• _Problem to solve_:
Set down the whole listing below exactly, without pictures.

• _Data extract_:
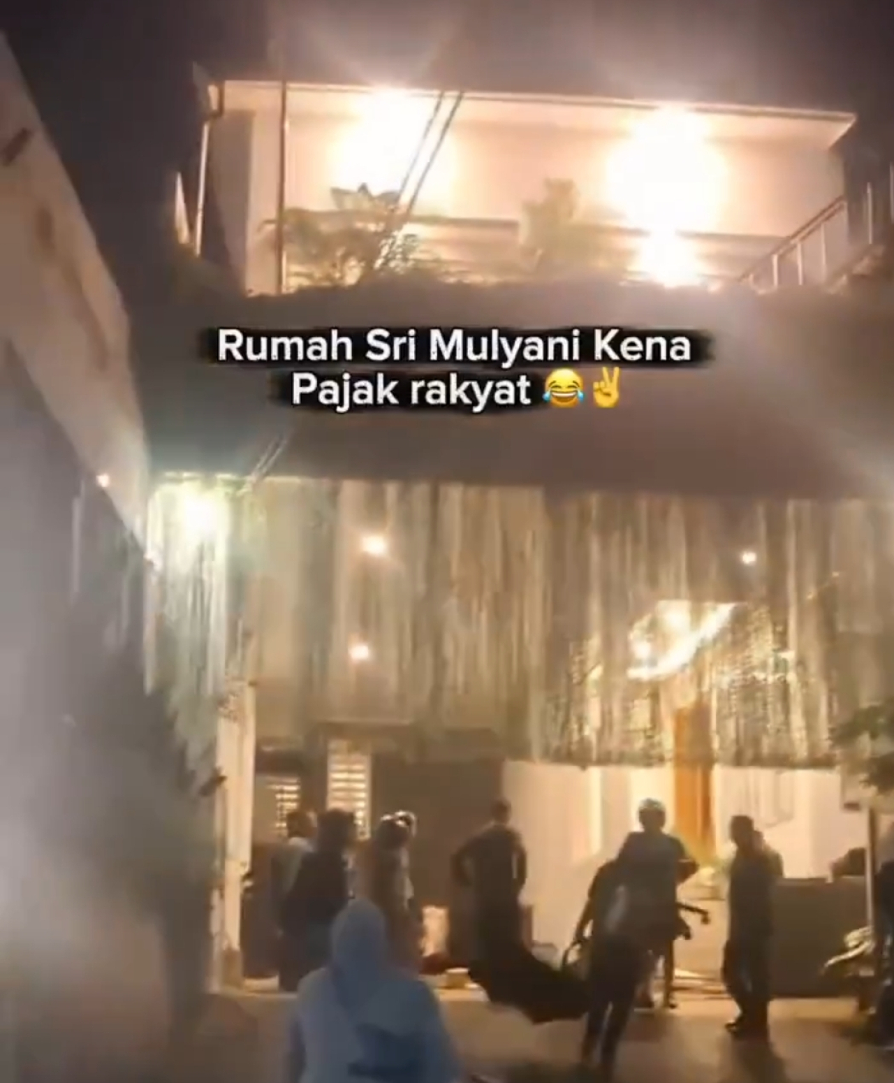 Sejumlah massa terlihat membawa keluar barang-barang kebutuhan rumah tangga seperti kursi, televisi, panci, hingga teko. Tak berhenti di situ, para penjarah juga disebut mengambil lukisan dan perhiasan dari dalam rumah yang diduga milik Sri Mulyani.
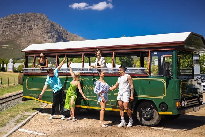 Votre journée comprend la prise en charge et le retour à l’hôtel au Cap dans un véhicule climatisé avec bouteilles d’eau à disposition ; des balades guidées à Stellenbosch ; des dégustations premium de vins accompagnés de chocolats artisanaux à Lanzerac ; d’autres dégustations à Tokara ; les billets pour deux arrêts sur le trajet du tram à vin de Franschhoek ; ainsi que du temps libre pour déjeuner et explorer les boutiques locales avant le retour.
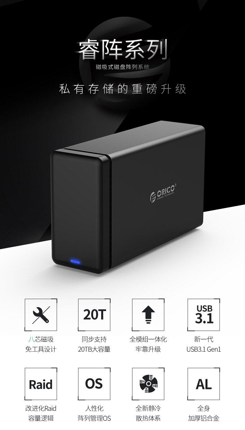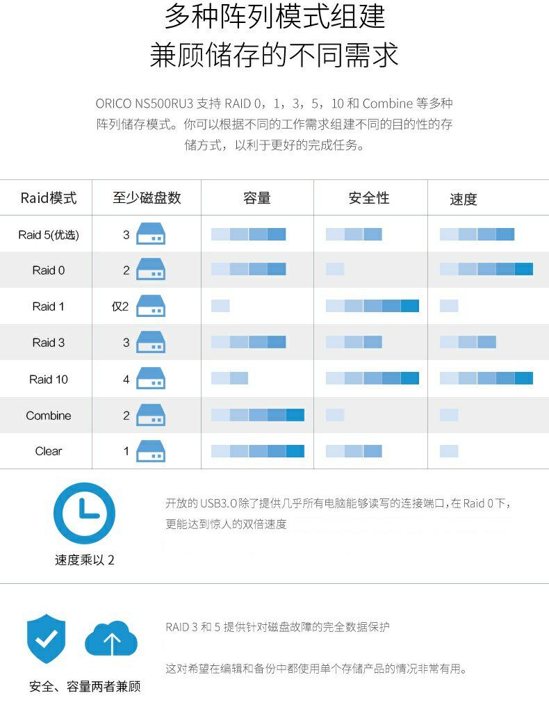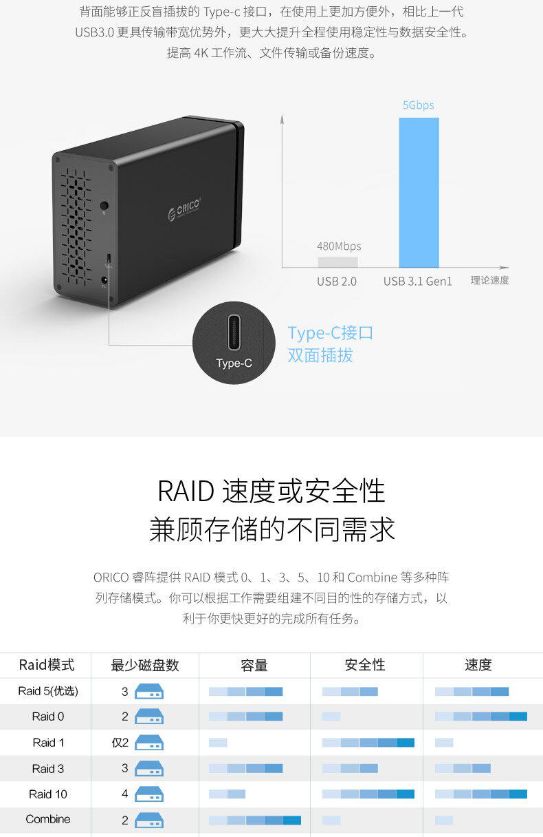 ORICO NS500RC3 Много -диск хард -дискового шкафа хранения дисков 3,5 -дюймового механического SSD с твердым чтением SATA Внешнее жесткое диск Внешнее ящик USB3.0
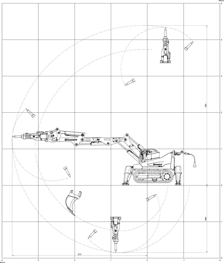 - Система стрелы DXR 140 может совершать полный оборот без ограничений, на 360 и более градусов, что делает демонтажный робот идеальным для работ в ограниченном пространстве, например, когда контейнер невозможно расположить рядом с роботом.

• _Response area_:
 Sejumlah massa terlihat membawa keluar barang-barang kebutuhan rumah tangga seperti kursi, televisi, panci, hingga teko. Tak berhenti di situ, para penjarah juga disebut mengambil lukisan dan perhiasan dari dalam rumah yang diduga milik Sri Mulyani.
 Votre journée comprend la prise en charge et le retour à l’hôtel au Cap dans un véhicule climatisé avec bouteilles d’eau à disposition ; des balades guidées à Stellenbosch ; des dégustations premium de vins accompagnés de chocolats artisanaux à Lanzerac ; d’autres dégustations à Tokara ; les billets pour deux arrêts sur le trajet du tram à vin de Franschhoek ; ainsi que du temps libre pour déjeuner et explorer les boutiques locales avant le retour.
 ORICO NS500RC3 Много -диск хард -дискового шкафа хранения дисков 3,5 -дюймового механического SSD с твердым чтением SATA Внешнее жесткое диск Внешнее ящик USB3.0
 - Система стрелы DXR 140 может совершать полный оборот без ограничений, на 360 и более градусов, что делает демонтажный робот идеальным для работ в ограниченном пространстве, например, когда контейнер невозможно расположить рядом с роботом.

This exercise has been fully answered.